新手の振り込め詐欺師からの電話

先日、新手の振込め詐欺と言われている、「税金の還付」と言う電話があった。
これは、コンビニエンスストアを使った方法らしく、金を送ると、その金と税金の還付金とを全部、返しますという話です。通常、税金の還付には、手数料は不要です。
よく考えた電話ですが、穴がいくつかありますので、考えながら電話の受け答えをしましょう。
以下にその内容と、つじつまの合わない部分を記しました。

電話の応答

18年10月27日 15時ごろの電話、(小:小生、詐:詐欺師)
 
  ルルル、(ヒツウチ)
小「もしもし」
詐「もしもし、小泉さんですか」
小「はい」
詐「伸三さん、いらしゃいますか」
小「はい、私です」
詐「国税庁ですが、税金の還付があります、16年度分で金額は48000円です」
小「あ、そうですか」
詐「近くにコンビニありますか?」
小「ありますよ、国税庁がこんな事で電話をしますか?」
詐「今回は特別です」
小「あ、そうですか。ところで、そこの電話番号と所属と名前は?」
詐「いいですか言いますよ。
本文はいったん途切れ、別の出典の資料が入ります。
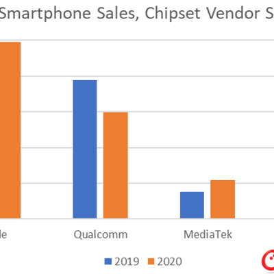附图是 Counterpoint Research 对美国智能手机市场 2019~2020 手机芯片的份额分布。Apple 自研的手机芯片占据了最大的市场份额,差不多有 50% 了。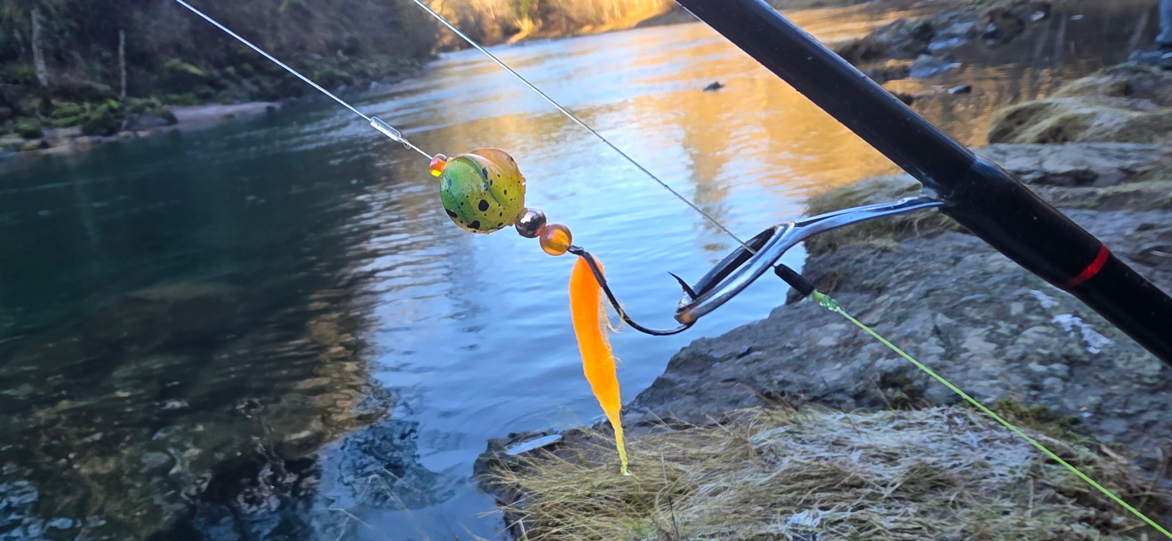 The “Spin-Roe” is a spinning lure with a round bead-like profile which appears to dynamically change colors as it spins in the water. It is hard, hollow, and it floats. The line hole is slightly off-center causing a wobble motion. Position the narrow end facing upriver for a faster spin or downriver for a slower spin and increased wobble motion.

電話 03−3221−1800、
  経理部経理課、 高橋です」
小「もしもし、もう一度言ってください」
詐「・・・、ガチャン」
  切れました。
 

つじつまの合わない問題点

ここで色々なことを考えながら電話の受け答えをしています。
 
1.役所が電話番号非通知で電話をすることはありえない。
  役所から、時々電話はあるが、番号を表示している。
2.とった電話は、税金の申告書に記載した番号と違う電話番号である。
  個人宛なら税金の申告書に記載してある、別の番号に連絡が
  あるはずである。
3.官庁から直接税金の還付の知らせがあることはありえない。
  過去に何度かあったが、この件で書類を送りますので、必要な
  事項を記入して、送り返してくださいというものだった。
4.税金の還付にコンビニエンスストアを指定することはありえない。
  銀行を使うはずで、電話で、口座番号を聞く事は絶対にありえない。
5.税務当局の職員は、例えば、国税第三課所得税係、国税調査官、高橋
  純一、と言うはずで、経理課などありえない。
6.自分が納税した金額と照らし合わせると、還付金の金額が多すぎる。
  こんなに多くの金額が生じる筈がない。一昨年がそれなら、別の年度も
  あるはずだ。
7.個人情報の問題がある案件なのに、電話の主の声は20才位だ。
  役所では、まだ駆け出しで、この様な案件を任せる筈がない。
  普通、この様な問題で電話をする役所の係りは、相当の経験を要するので
  40歳以上のことが多い。
 
ご自分の所へ電話がきたら、よく考えながら受け答えをしましょう。
 

実際の還付金の話は書面で行われます

1.役所は最初に、書類の送り先を電話で確認してきます。
     内容は、「還付金の口座振込みの依頼書」の送り先です。
     下図は送られてきた書類です。当方は必要事項を書き込み投函します。

2.上記の振込み先へ、国税還付金が振り込まれたと通知がきます。
     下図は送られてきた書類です。

このように、役所は、必ず書類を必要とします。
おかしい電話がかかってきたら、書類をお送りくださいと依頼しましょう。